92 Fa eccezione Mostar, insieme ad alcune municipalità dell’Erzegovina, perché caratterizzata da un conflitto bipolare.

La testimonianza riportata consente una riflessione al riguardo del nomadismo di idee e di pratiche esposto da Pazzagli (2004) per completare il quadro dei movimenti nomadici della globalizzazione. I progetti di cooperazione sono stati un’occasione di incontro e di formazione, hanno creato uno scambio di informazioni fra italiani e bosniaci. Il carattere partecipativo di molti interventi ha reso lo scambio reale e non un mero proposito scritto sul progetto e mai realizzato (Nardelli e Cereghini 2008). Uno fra i tanti casi esistenti è quello di ONG 2, ONG specializzata nel ritorno sostenibile cioè la ricostruzione delle abitazioni per i profughi e il loro reinserimento nella tessuto sociale di appartenenza. In dieci anni hanno ricostruito quasi mille case e hanno anche pubblicato libri riguardanti la loro esperienza.

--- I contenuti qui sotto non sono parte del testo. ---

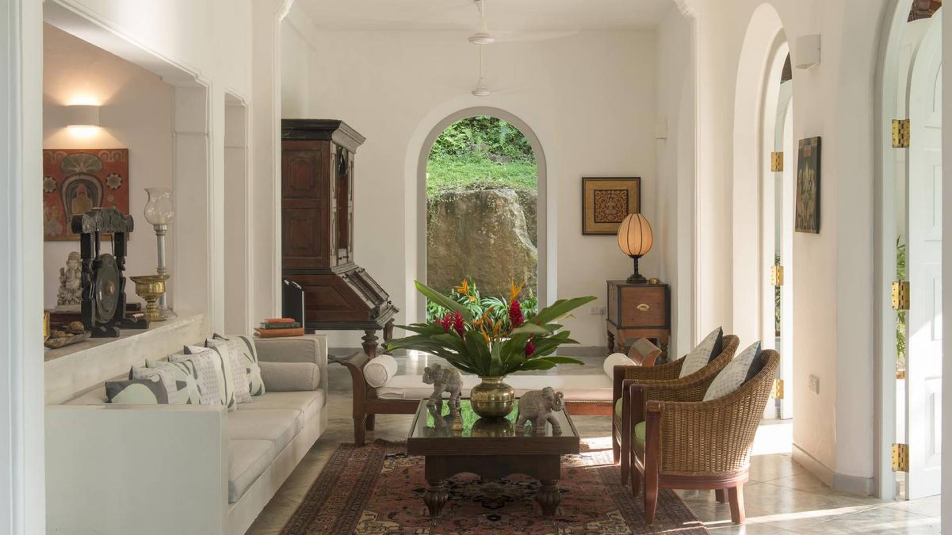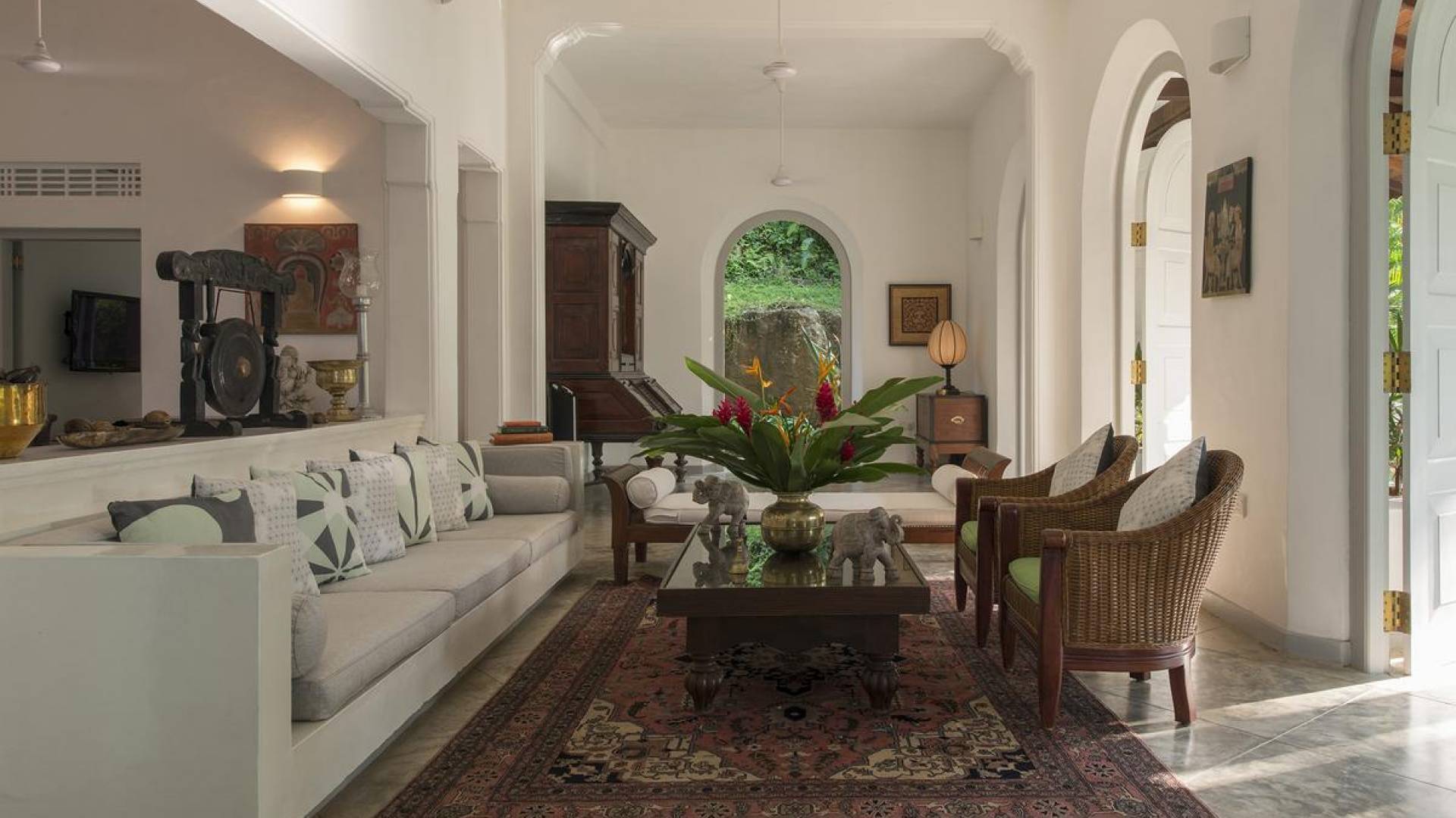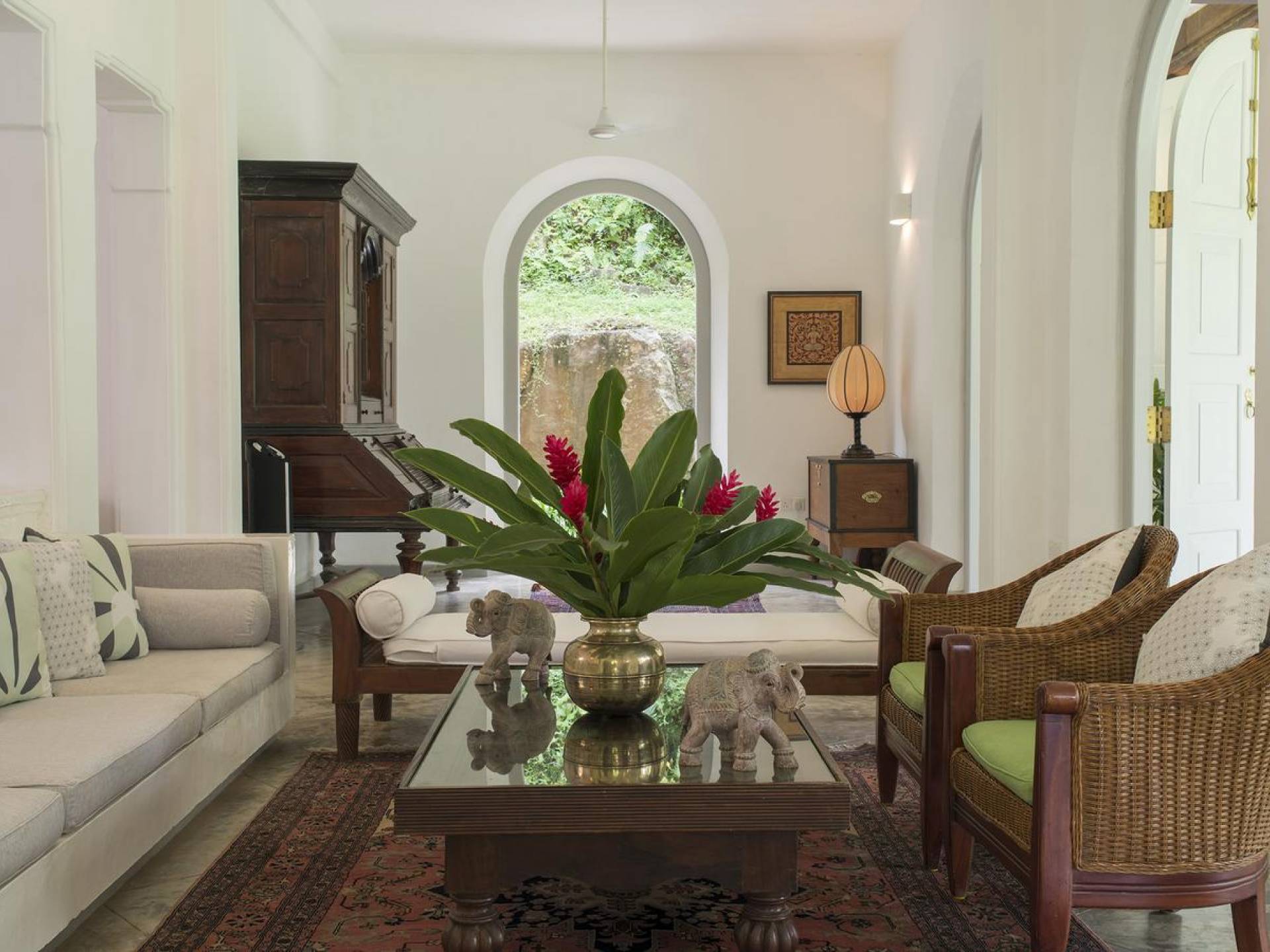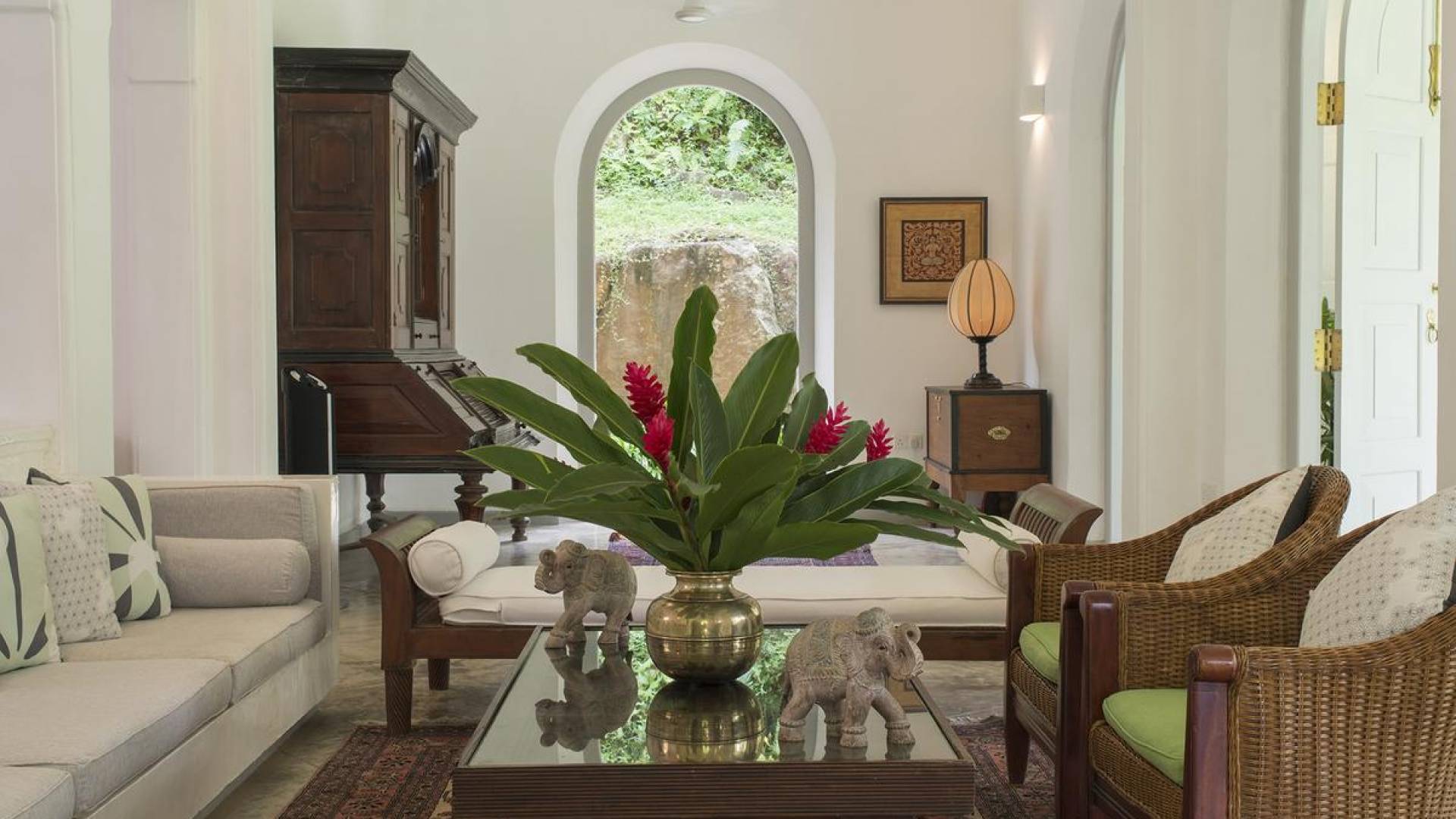 Wide verandas, cool wraparound balconies, arched doorways, and lofty beamed ceilings characterize this serene Dutch-colonial-style villa that is perfect for groups and families looking to connect and unwind. Villa Pooja Kanda’s tranquility is further enhanced by a garden enlivened by birdsong, squirrels, and inquisitive monkeys. Fine quality furniture and fabrics, impressive decorative elements, and a palette of earthy colors offer a classy ambient to Villa Pooja Kanda’s interior spaces. The villa is fully staffed and comes with a swimming pool, uniquely designed interior spaces, and a fully equipped kitchen. The luxury rental also contains all modern entertainment amenities.

Nel 2007 il loro lavoro era molto ridimensionato e concerneva soprattutto la manutenzione dei parchi naturali. Goran, il responsabile locale di ONG 2, mi ha raccontato che per attuare la ricostruzione delle case nella municipalità di Sarajevo, hanno messo a punto un sistema di auto-costruzione, in cui i futuri inquilini lavoravano nel cantiere della loro stessa casa. Questa pratica è stata replicata in Italia, evidentemente con differenti motivazioni, ottenendo un buon successo.